Title: joe mcnally talks about the D4
Post by: wickidwombat on January 07, 2012, 06:35:08 AM
This guy is my hero

talking about playing with the D4 prototypes

http://www.joemcnally.com/blog/
Title: Re: joe mcnally talks about the D4
Post by: smirkypants on January 07, 2012, 07:59:57 AM
Those are some pretty amazing photos in there... the dynamic range is almost HDRish. Beautiful.
Title: Re: joe mcnally talks about the D4
Post by: wickidwombat on January 07, 2012, 08:03:12 AM
like i said the man is a genius with light

i've bought most of his books well worth reading for anyone interested in flash only problem he only references nikon stuff so you have to research a bit to get canon equivalent for what he talks about but the fundamentals translate the same
Title: Re: joe mcnally talks about the D4
Post by: smirkypants on January 07, 2012, 08:08:48 AM
like i said the man is a genius with light
I bought three more speedlites after reading The Hot Shoe Diaries. Great Book.
Title: Re: joe mcnally talks about the D4
Post by: briansquibb on January 08, 2012, 04:22:43 AM
like i said the man is a genius with light
I bought three more speedlites after reading The Hot Shoe Diaries. Great Book.

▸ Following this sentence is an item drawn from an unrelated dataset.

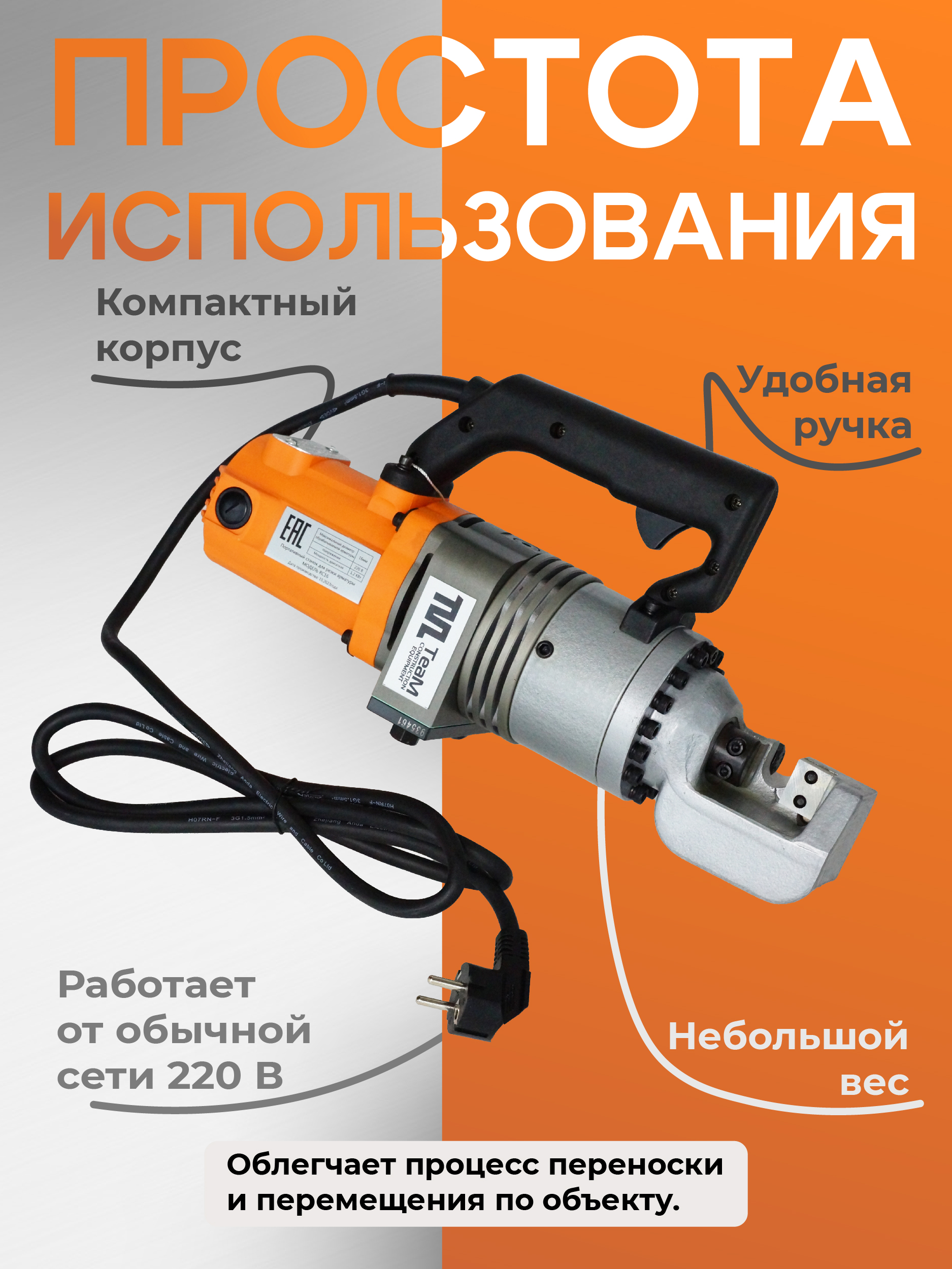 Электрический мобильный станок для резки арматуры TeaM RC-16 применяется в строительстве, когда возникает необходимость резки арматуры на месте в большом объеме: для создания армопояса и опалубки. Модель позволяет ровно и быстро разрезать арматуру от 4 до 16 мм или несколько стержней меньшего диаметра одновременно.

I wonder sometimes how much Nikon paid him to jump ship ....

An aside: I read Joe McNally's book but bought "The Speedliters Handbook" by Syl Arena - which is all about Canon Speedlights. It was lots of example pictures of 'what happens when I change this'. Great for me as I am not interested in technical insights, just what parameters I need to set to achieve the shot I am after.

Title: Re: joe mcnally talks about the D4
Post by: wickidwombat on January 08, 2012, 05:45:58 AM
he has a new book out called sketching light i just got my pre-order, I find his writing style amusing so reading his stuff isnt like an instruction manual, this sketching light has detailed lighting setup diagrams with settings distances and everything its pretty interesting.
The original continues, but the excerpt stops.